> DATA EXCERPT
======
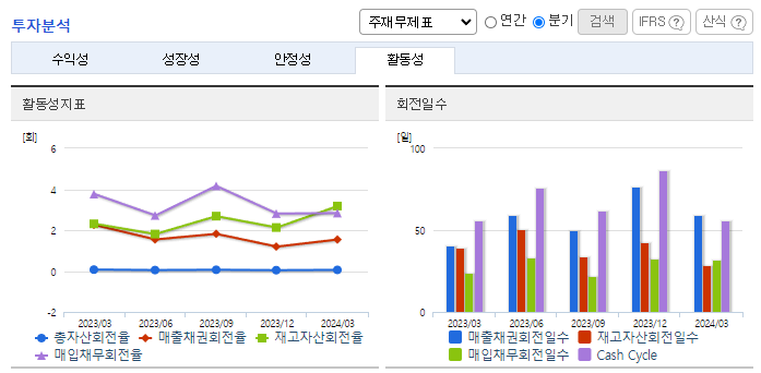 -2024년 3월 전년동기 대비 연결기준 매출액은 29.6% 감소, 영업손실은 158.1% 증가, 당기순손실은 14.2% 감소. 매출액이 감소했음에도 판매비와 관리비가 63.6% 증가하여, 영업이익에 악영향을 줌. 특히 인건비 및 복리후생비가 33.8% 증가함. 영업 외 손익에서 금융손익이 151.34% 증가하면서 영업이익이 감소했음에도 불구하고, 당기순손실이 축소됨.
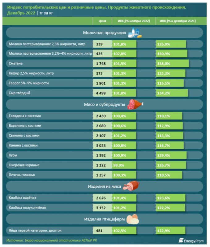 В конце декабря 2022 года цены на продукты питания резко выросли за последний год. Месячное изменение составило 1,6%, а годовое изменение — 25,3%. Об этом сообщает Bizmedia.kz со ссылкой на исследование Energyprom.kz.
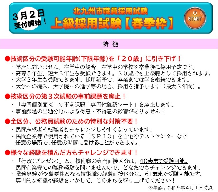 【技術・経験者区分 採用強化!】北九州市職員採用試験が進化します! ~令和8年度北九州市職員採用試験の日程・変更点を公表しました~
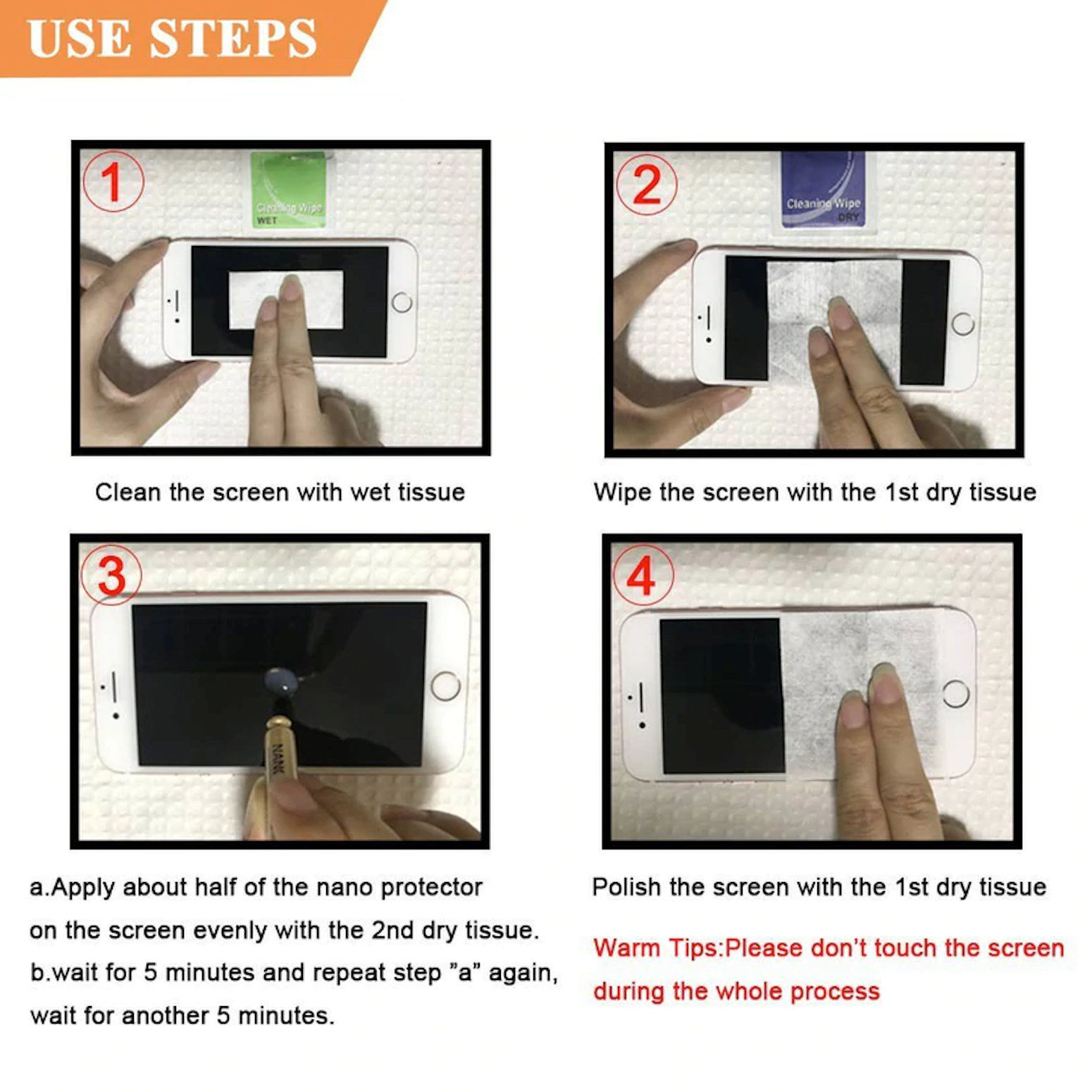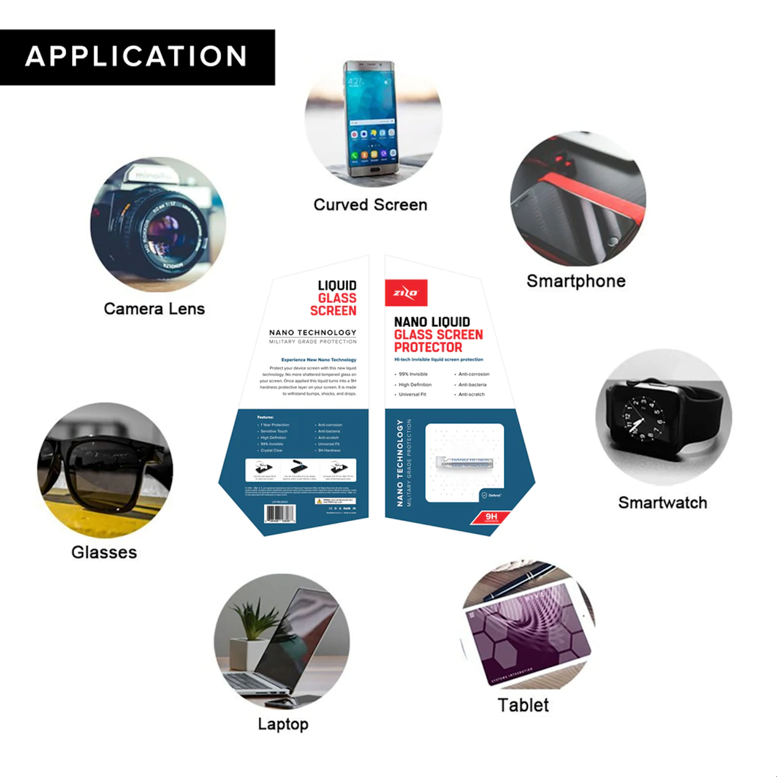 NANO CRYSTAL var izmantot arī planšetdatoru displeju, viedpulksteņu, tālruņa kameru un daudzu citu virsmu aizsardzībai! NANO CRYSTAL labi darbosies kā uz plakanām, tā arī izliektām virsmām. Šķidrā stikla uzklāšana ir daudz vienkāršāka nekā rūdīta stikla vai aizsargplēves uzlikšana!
======
Pictures aside, print every line of the material exactly.

 -2024년 3월 전년동기 대비 연결기준 매출액은 29.6% 감소, 영업손실은 158.1% 증가, 당기순손실은 14.2% 감소. 매출액이 감소했음에도 판매비와 관리비가 63.6% 증가하여, 영업이익에 악영향을 줌. 특히 인건비 및 복리후생비가 33.8% 증가함. 영업 외 손익에서 금융손익이 151.34% 증가하면서 영업이익이 감소했음에도 불구하고, 당기순손실이 축소됨.
 В конце декабря 2022 года цены на продукты питания резко выросли за последний год. Месячное изменение составило 1,6%, а годовое изменение — 25,3%. Об этом сообщает Bizmedia.kz со ссылкой на исследование Energyprom.kz.
 【技術・経験者区分 採用強化!】北九州市職員採用試験が進化します! ~令和8年度北九州市職員採用試験の日程・変更点を公表しました~
 NANO CRYSTAL var izmantot arī planšetdatoru displeju, viedpulksteņu, tālruņa kameru un daudzu citu virsmu aizsardzībai! NANO CRYSTAL labi darbosies kā uz plakanām, tā arī izliektām virsmām. Šķidrā stikla uzklāšana ir daudz vienkāršāka nekā rūdīta stikla vai aizsargplēves uzlikšana!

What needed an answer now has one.